Given an array of integers that is already sorted in ascending order, find two numbers such that they add up to a specific target number.

The function twoSum should return indices of the two numbers such that they add up to the target, where index1 must be less than index2. Please note that your returned answers (both index1 and index2) are not zero-based.

You may assume that each input would have exactly one solution and you may not use the same element twice.

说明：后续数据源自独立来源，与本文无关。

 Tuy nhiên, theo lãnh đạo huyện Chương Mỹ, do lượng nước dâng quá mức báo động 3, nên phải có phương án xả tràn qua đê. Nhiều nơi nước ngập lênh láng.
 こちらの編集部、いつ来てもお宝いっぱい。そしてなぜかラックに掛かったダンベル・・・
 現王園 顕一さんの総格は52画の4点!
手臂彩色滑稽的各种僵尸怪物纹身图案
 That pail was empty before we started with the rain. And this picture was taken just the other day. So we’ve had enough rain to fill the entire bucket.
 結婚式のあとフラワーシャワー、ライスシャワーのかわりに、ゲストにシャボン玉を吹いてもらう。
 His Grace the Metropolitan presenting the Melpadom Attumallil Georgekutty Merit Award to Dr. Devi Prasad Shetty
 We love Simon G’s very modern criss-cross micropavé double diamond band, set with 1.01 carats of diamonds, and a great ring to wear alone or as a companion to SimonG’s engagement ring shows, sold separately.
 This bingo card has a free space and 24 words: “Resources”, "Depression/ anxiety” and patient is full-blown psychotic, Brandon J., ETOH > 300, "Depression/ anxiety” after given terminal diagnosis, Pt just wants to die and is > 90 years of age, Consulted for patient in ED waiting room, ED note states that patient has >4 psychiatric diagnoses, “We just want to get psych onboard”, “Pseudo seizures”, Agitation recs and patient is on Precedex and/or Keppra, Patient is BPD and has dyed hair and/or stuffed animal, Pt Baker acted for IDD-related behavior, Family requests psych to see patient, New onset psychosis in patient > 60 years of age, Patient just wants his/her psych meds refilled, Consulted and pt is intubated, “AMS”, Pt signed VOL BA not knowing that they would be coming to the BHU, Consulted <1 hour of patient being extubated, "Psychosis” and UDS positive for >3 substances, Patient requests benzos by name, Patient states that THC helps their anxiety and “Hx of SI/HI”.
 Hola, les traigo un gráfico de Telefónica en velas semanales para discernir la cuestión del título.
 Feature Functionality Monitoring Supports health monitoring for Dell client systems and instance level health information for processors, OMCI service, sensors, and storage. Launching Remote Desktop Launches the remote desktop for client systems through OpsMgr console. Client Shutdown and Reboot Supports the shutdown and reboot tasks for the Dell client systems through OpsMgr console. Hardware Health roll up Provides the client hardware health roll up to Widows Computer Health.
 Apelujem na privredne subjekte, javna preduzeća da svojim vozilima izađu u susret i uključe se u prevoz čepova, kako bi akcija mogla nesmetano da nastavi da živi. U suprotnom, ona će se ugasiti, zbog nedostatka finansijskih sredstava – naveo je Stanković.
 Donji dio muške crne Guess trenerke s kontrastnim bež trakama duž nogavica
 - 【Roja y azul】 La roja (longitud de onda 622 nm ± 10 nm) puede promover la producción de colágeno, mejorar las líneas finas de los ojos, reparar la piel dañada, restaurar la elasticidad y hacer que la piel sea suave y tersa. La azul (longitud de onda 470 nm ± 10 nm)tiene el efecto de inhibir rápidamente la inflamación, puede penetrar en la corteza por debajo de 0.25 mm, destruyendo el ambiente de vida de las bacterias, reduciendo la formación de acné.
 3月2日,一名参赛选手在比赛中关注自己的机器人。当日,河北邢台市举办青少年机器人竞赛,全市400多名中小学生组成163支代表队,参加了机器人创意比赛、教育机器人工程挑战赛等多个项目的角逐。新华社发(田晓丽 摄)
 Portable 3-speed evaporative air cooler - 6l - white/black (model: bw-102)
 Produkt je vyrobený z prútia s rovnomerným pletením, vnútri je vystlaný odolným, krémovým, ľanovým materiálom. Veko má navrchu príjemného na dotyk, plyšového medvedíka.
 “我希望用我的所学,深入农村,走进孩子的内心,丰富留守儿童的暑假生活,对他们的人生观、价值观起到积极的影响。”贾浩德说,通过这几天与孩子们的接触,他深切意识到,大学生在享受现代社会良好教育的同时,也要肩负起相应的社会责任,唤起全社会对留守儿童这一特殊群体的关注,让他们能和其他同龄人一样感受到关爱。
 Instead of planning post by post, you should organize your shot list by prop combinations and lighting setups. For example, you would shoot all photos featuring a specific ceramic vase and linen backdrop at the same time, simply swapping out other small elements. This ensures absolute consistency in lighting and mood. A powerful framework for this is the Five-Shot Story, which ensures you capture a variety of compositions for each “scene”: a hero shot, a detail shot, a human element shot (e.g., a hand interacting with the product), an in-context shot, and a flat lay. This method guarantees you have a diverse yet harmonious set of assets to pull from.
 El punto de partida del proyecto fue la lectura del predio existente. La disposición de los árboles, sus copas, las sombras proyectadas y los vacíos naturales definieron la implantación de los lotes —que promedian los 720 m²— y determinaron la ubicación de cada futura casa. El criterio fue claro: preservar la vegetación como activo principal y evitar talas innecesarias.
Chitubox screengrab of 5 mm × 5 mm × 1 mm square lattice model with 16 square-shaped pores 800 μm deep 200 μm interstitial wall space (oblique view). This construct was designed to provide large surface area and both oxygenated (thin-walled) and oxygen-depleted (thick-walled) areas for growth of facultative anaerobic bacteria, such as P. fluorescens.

Input: numbers={2, 7, 11, 15}, target=9 Output: index1=1, index2=2

即找到陣列中兩個元素的和等於給定數字的元素，陣列已排序。

Python 實現

# Given an array of integers that is already sorted in ascending order, find two numbers such that they add up to a specific target number.
 

#
# The function twoSum should return indices of the two numbers such that they add up to the target, where index1 must be less than index2. Please note that your returned answers (both index1 and index2) are not zero-based.
#
# You may assume that each input would have exactly one solution and you may not use the same element twice.
 

#
# Input: numbers={2, 7, 11, 15}, target=9
# Output: index1=1, index2=2

# author li.hzh
class Solution:

    def twoSum(self, numbers, target):
        """
        :type numbers: List[int]
        :type target: int
        :rtype: List[int]
        """
        map = {}
        index = 1
        for val in numbers:
            other = target - val
            if other in map:
                return [map.get(other), index]
            map[val] = index
            index += 1

    def twoSum_without_extra_space(self, numbers, target):
        """
        :type numbers: List[int]
        :type target: int
        :rtype: List[int]
        """
        head, tail = 0, -1
        cur_sum = numbers[head] + numbers[tail]
        while cur_sum != target:
            if cur_sum < target:
                head += 1
            else:
                tail -= 1
            cur_sum = numbers[head] + numbers[tail]
        return [head + 1, len(numbers) + tail + 1]

分析

這裡也做了兩個解法，解法1，是通用解法。即，不關心陣列中元素的排列規律，藉助一個map來尋找成對的元素。

但是，題目明確說明陣列中的元素已排序，那麼顯然是有特殊的解法。即解法二，通過首尾元素相加，與給定值比較。如果小於給定元素，顯然只能首指標向後移位，再相加比較。如果大於則尾指標前移。每次比較後，都是明確的單向移動，直到最終找到匹配結果。